Requiring contractors to finance some of the work temporarily scared them away. Pawlenty ordered MnDOT to arrange a bid.
The long awaited Crosstown project was delayed again Friday -- how long is not yet clear -- because no road builders bid for the work.
The $250 million Twin Cities project was set to start in August but contractors walked away from the unorthodox financing plan, which required them to put up their own money to keep construction going between state payments.
Never before has a major Minnesota road project failed to draw a bid.
Short of cash, the Minnesota Department of Transportation hoped to sell contractors on the cost-shifting scheme as a way to jump start construction before it had all the money.
It planned to pay builders back as federal funds arrived.
Bidders didn't bite.
The Crosstown project would eliminate the metro's most notorious traffic bottleneck.
It would separate and widen the junction of Interstate Hwy. 35W and Crosstown Hwy. 62 on the border of Richfield and Minneapolis.
The interchange carries about 240,000 vehicles a day and clogs traffic in all directions at rush hour.
Gov. Tim Pawlenty told MnDOT to arrange a Crosstown bid as soon as possible.
"Our hope is that the potential delay would only be a matter of months," said Pawlenty spokesman Brian McClung.
But now that contractors appear unwilling to bet on future federal funding, some legislators said it's time to admit that MnDOT doesn't have the money to do the project.
"This administration needs to face the fact that they are broke, and we need a transportation package that puts real dollars into our roads and bridges," said Sen. Steve Murphy, DFL-Red Wing, chairman of the Senate Transportation Committee. He had advised MnDOT against the financing scheme.
Revamping the intertwined mile of the two freeways has been on the drawing board since the mid-1990s.
The project was finally scheduled to start this year, but rising construction costs and less than expected federal funding forced MnDOT to borrow $50 million from other projects to keep the Crosstown on schedule.
The next concern was whether even that extra money would be enough to cover rising costs for fuel, concrete and steel.
And then MnDOT announced another financial wrinkle: It would have to rely on contractors to front the money to bridge gaps between state payments, with the understanding that they would ultimately be paid in full.
The Federal Highway Administration endorsed the idea as worth a try, but contractors balked.
Attorney General Mike Hatch's office, and St. Paul Travelers, a company that insures highway builders, separately questioned its legality.
Abandoning plan resisted
In May, MnDOT resisted pressure to abandon the financial plan but delayed the start of the project from July 10 to about Aug. 1 to give competing contractors more time to prepare bids. MnDOT officials said they were optimistic that bids were coming.
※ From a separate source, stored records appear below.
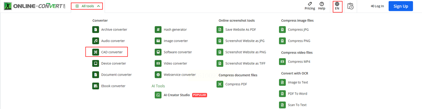 步骤一:打开网站后,点击“All tools”,找到“CAD converter”功能。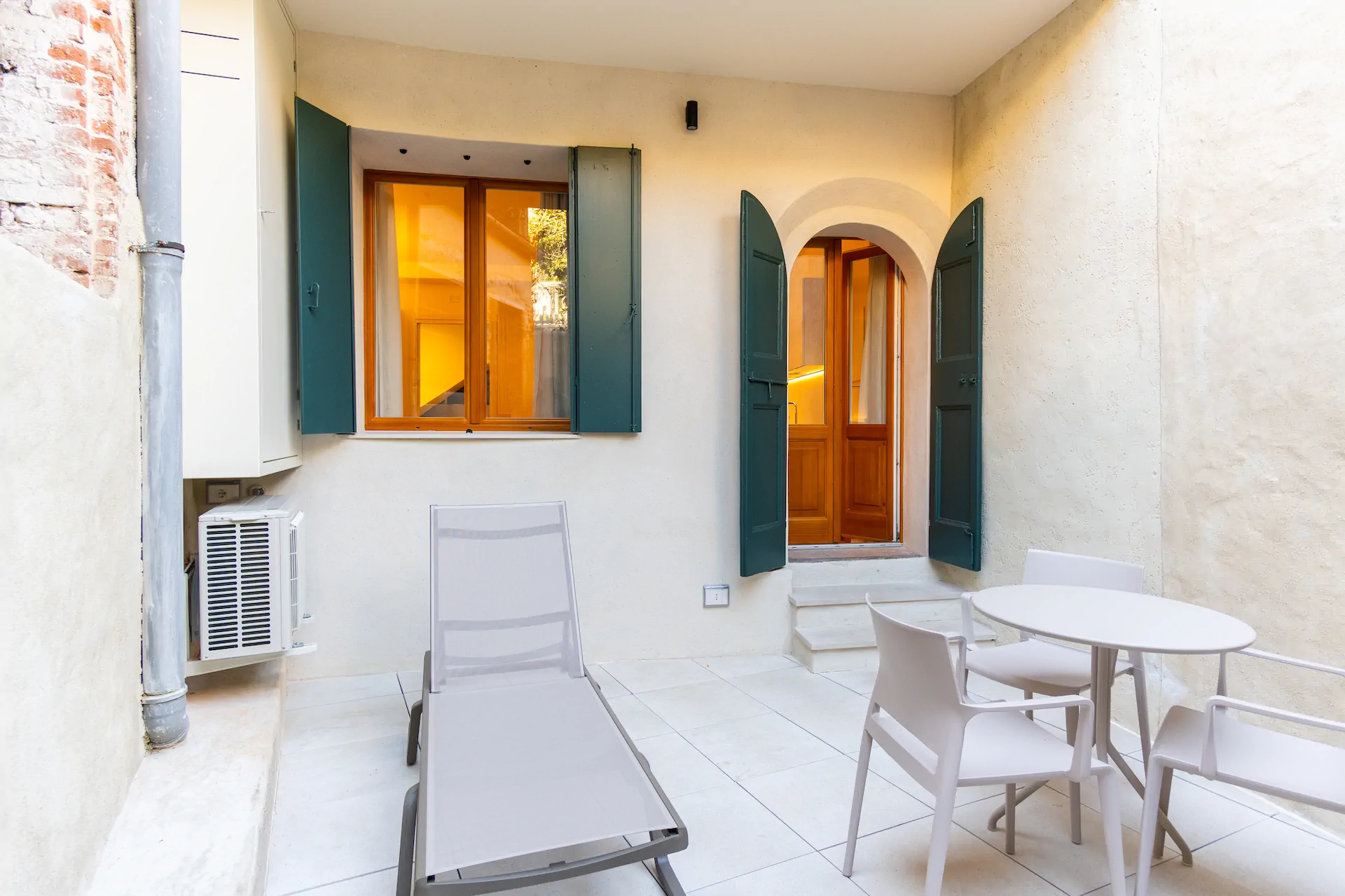 Ogni appartamento prende il nome da una figura legata alla storia di Asolo. Spazi diversi, stessa filosofia: design essenziale, materiali di qualità e comfort moderno.
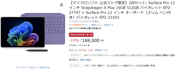Amazonブラックフライデーセールは12月1日まで。ブラックフライデーでは、会期途中でセールが終わったり在庫がなくなったりする商品も少なくありません。この記事で紹介しているSurface Pro 12インチ+キーボードセットは、記事執筆時点では19%オフのブラックフライデー価格が継続中。気になっていた人は、価格が戻る前に一度商品ページを確認しておくのがおすすめです。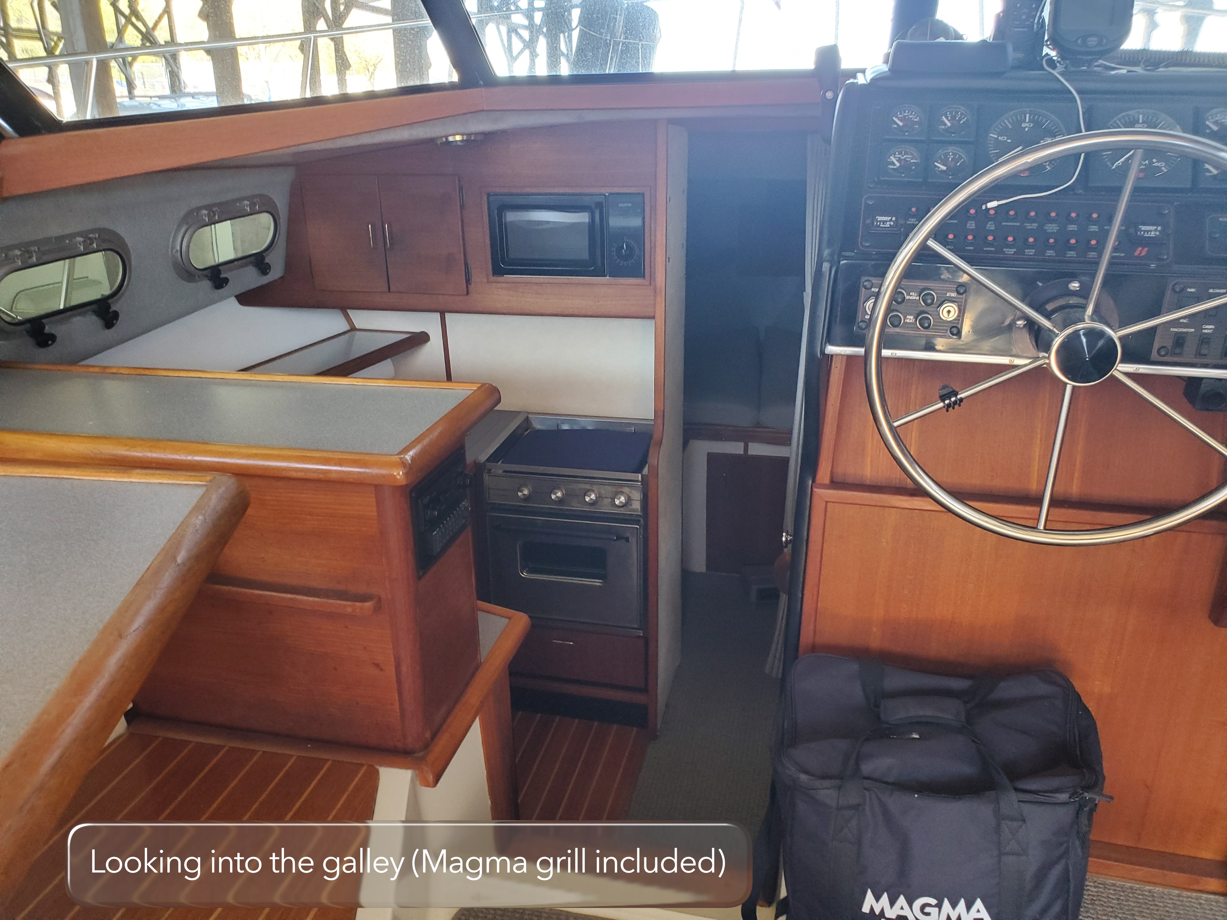The 3288 was one of Bayliner’s most popular boats. It continues to be a favorite based on its functional, easy, comfortable, and accommodating layout: large separate cabins, sunken galley, raised seating and large wrap around windows making you feel like you’re in a larger boat.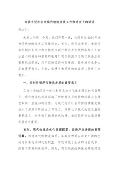 / 【七哥公文】2024年:市委书记在全市现代物流发展工作推进会上的讲话+更多免费公文+VX:QiGeGongWen2024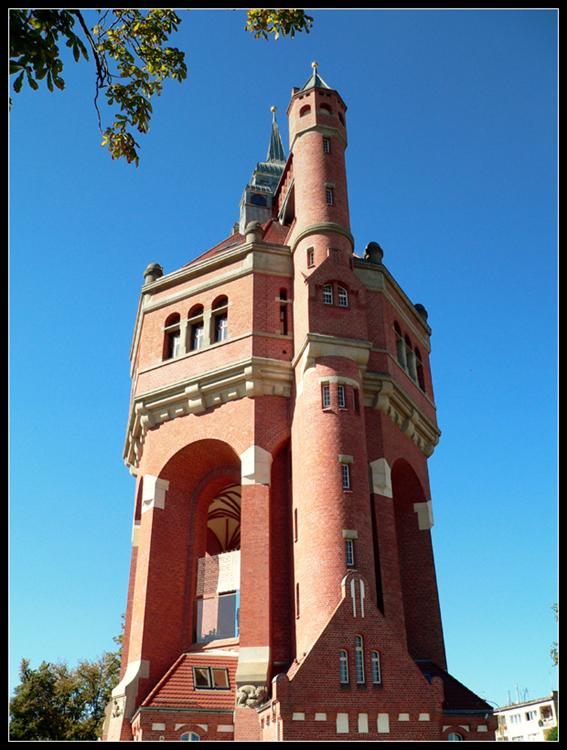 Przez swój baśniowy wygląd należy z pewnością do najpiękniejszych zabytków we Wrocławiu, które warto zobaczyć odwiedzając to miasto. Wieża ciśnień, która wygląda jak średniowieczny zamek z cegły, stoi na skrzyżowaniu ulic Wiśniowej i Sudeckiej. Została zbudowana w latach 1903-1904 według projektu Karla Klimma. Ozdobiły ją płaskorzeźby z piaskowca i fontanna z postacią trytona. Budynek wieńczą dwie wieżyczki, z których jedna mieści szyb windy, w drugiej zaś znajdowała się platforma widokowa.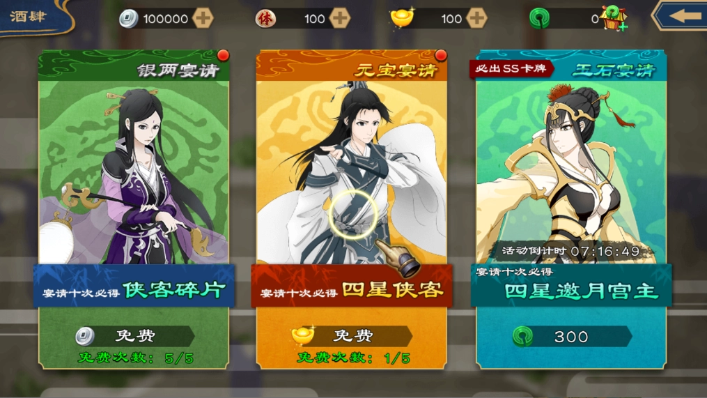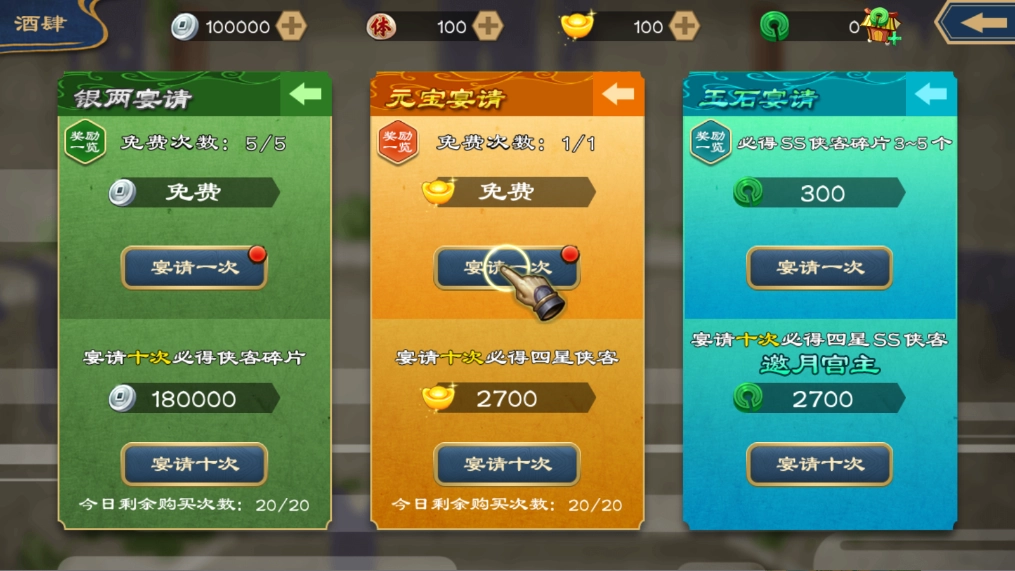 4、点击宴请一次,这个属于引导教程,出什么都是固定的,玩家随便点就是。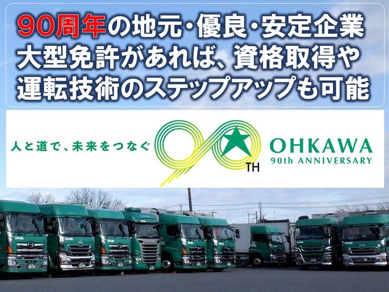 仕事内容 《ここがPoint! 》 ◎創業90年、地域に根付いた運送会社! ◎賞与年2回/昇給年1回◎住宅手当等あり! ◎アットホームな明るい会社 ── 会社紹介 ────────── 【大川運輸株式会社】 高品質な輸送と迅速な対応を重視し、 長年の経験と実績を活かして、 お客様のニーズに応えています。 安全管理や環境への配慮にも力を入れ、 信頼されるパートナーとして成長を続けています。 保有車両:1000台以上 自動車運送業者の 「Gマーク」 「働きやすい職場認証制度」 「健康経営優良法人」 認定 ~~・~~・~~・~~・~~・~~・~~ 【応募方法は下記!】 お気軽にお電話ください! ※まずはお電話でのお問い合わせ、大歓迎です。 お電話 ▶ 0299-82-4555 WEB応募!をクリック ~~・~~・~~・~~・~~・~~・~~ *【仕事の内容】* 鹿嶋工業地帯の大手メーカーの輸送です 荷物:建築資材 積込:茨城県神栖市、高萩市、千葉県成田市 ※「積待ち」は比較的少ないですよ! 配送地域:南東北、東海地方 ・乗務員1名に対して、固定で車両が 割り当てられます(1車1人制) ・平均走行距離1万km/月 ・現在、ほぼ土日は休み。 ・積み下ろしほぼなし! ・リフト資格は取得可 ・車のメンテナンスはディーラーが 行いますから、運転に集中できます。 ・調整可能な仕事ですので有給は取れます! ・ドライバーによる 積込・荷下ろし作業はなし! ・安全服、ヘルメット、安全靴、他 (すべて会社から) ✬ていねいに研修を行います。 ✬安全講習の受講、 危険物取扱の資格取得なども 会社でサポートするので ご安心ください。 ✬大型・中型ドライバーから ステップアップしたい方を大歓迎! ご希望に応じて フルトレーラーの運転も可能です。 - 【職場環境】 ・特殊車両の乗務経験が 豊富なスタッフが多く、 未経験の方をしっかりサポートします。 ・安全な運行のため、 社員教育に力を入れています。 ・定期的なミーティングや研修をおこない スキルアップ・資格取得も応援します。 ※ドライバーの方でも ドライバー以外のステップアップ制度あり (例:運行管理、配車) ※基本的に1車1人制ですが、状況により変更します。 ご了承ください。 - <最短1分で応募完了> 『電話応募』もしくは、 画面下の『応募画面へ進む』ボタンを 押してカンタン応募。 応募〜採用まで、 最短7日程度でご案内しております。 - 【雇用形態】 正社員 <アピールポイント> ✬ 大型免許を活かしてチャレンジ ✬月収40万円〜可能! 手当も充実! ✬ 賞与&定期昇給あり! ✬ きめ細やかな研修や安全対策で 安心して働けます (会社負担:牽引、玉掛け、危険物取扱、 フォークリフトなど資格制度あり) <企業紹介> 大川運輸は、鹿島の地で創業90年。 トレーラー・ガラス運搬専用車・ タンクローリーなど特殊車両を中心に 1000台の車両を擁し、 県内でもトップクラスの運輸会社として 成長を続けています! 社員の皆様の福利厚生にも力を入れ 「働きやすい職場認証制度」の 認証を受けた、 長く安定して働ける職場です。 \\スタッフさんへインタビュー// ________ 社員Aさんより  ̄V ̄ ̄ ̄ ̄ ̄ ̄ 転職をする際に大事にしていたのは、 ・安定企業であること ・働きやすい環境であること この2軸をメインに考えていました。 弊社は安定はもちろん、 有給休暇もしっかり取得できるので 子どもの行事にも行けるようになりました! ________ 社員Bさんより  ̄V ̄ ̄ ̄ ̄ ̄ ̄ 以前の会社でもドライバーの仕事をして いましたが1台を2~3名の交代で乗る為 たばこの臭いが気になっていました。 ですが、当社は1人1台の専用車!! 自分だけの空間で快適に お仕事できています!! 人間関係も良好なので悩みもありません!笑 ________ 社員Cさんより  ̄V ̄ ̄ ̄ ̄ ̄ ̄ 化成品(工業薬品)を取り扱うこともあり、 正直最初は不安がありましたが、 実際に触れることなどはないので 安心してお仕事できています! また、シンプルな作業が中心なので 未経験でも大丈夫でしたよ! 【会社概要】 企業名 : 大川運輸株式会社 設立年月: 昭和10年 事業内容: 鋼材・硝子・食品・燃料等の 運送事業 所在地 : 茨城県鹿島市 従業員数: 600名 会社URL: https://www.ohkawaunyu.com/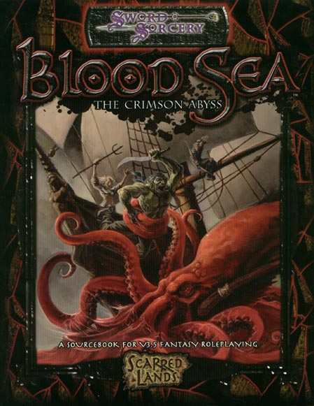 Shackled in a trench deep in the ocean floor lies the mighty titan Kadum, the Father of Monsters, his chest ever bleeding from the hole where his heart was plucked out. The Mountainshaker's endless blood has transformed the waves into a vast crimson sea that changes everything it touches - men and beasts alike. This sourcebook contains information for game play in and around the Blood Sea, from its creation to those who owe their existence to it. Venture from the surface of the red waves to the very sanguine depths of the crimson expanse, and even to unique lands such as the Heartsblood Archipelago. Sword and Sorcery books are published under the Open Game License and are 100% compatible with revised 3rd Edition rules. |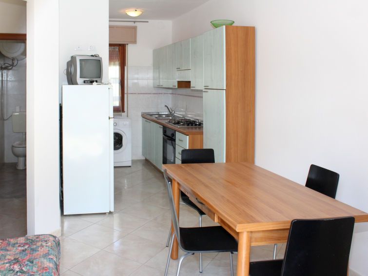 3-room apartment 40 m2. Practical furnishings: living/sleeping room with 1 sofabed, dining table, TV, air conditioning and forced-air heating. Exit to the balcony, to the terrace. 1 double bedroom. 1 room with 1 bed and 1 double bed. Kitchenette (Gas stove, 4 gas rings, microwave, freezer).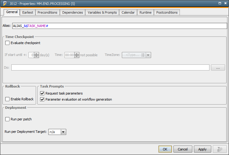 You can use the General tab in order to assign an alias name and to set time checkpoints for workflow tasks. If a task has not started until the specified time, the object that is defined in the Do section will be activated.

When none appeared Friday, the Associated General Contractors of Minnesota said that shouldn't surprise anyone.
"MnDOT is out of money," said Dave Semerad, chief executive officer of the group. "There's no guarantee that the contractor is going to get paid."
Legislators weigh in
The absence of bids prompted political jabs. Some legislators blamed Pawlenty for not raising the gasoline tax to help fund the project.
"If Minnesota had any questions left regarding Governor Pawlenty's inability to handle our transportation crisis, this morning answered them," said Minnesota DFL chairman Brian Melendez. "His administration can't afford to pay contractors to repair our roads."
Rep. Dan Larson, DFL-Bloomington, said MnDOT's financing approach was a crazy, desperate move.
Rep. Ron Erhardt, R-Edina, said, "We are going to continue to have MnDOT failing to meet expectations until we get new money to them. I don't know what it takes for the administration to see that MnDOT needs money."
Sen. Dick Day, R-Owatonna, defended the governor.
Minnesota has had three consecutive years of record road construction, and if contractors don't want to bid on the Crosstown project, "that's the American way," he said. "We will just have to wait until the Department of Transportation and we all as a state can come up with enough money and do it the old-fashioned way -- with money in the bank."
McClung said, "this governor's administration has done more for transportation funding than any other in modern history. We would put our transportation funding record up against any governor anybody could name, and we've done that without raising taxes."
Rep. Mary Liz Holberg, R-Lakeville, suspects that contractors worked on bids but did not submit them because the bids were over the project budget.
She said it might be time to break the Crosstown into phases and build the parts MnDOT can afford now.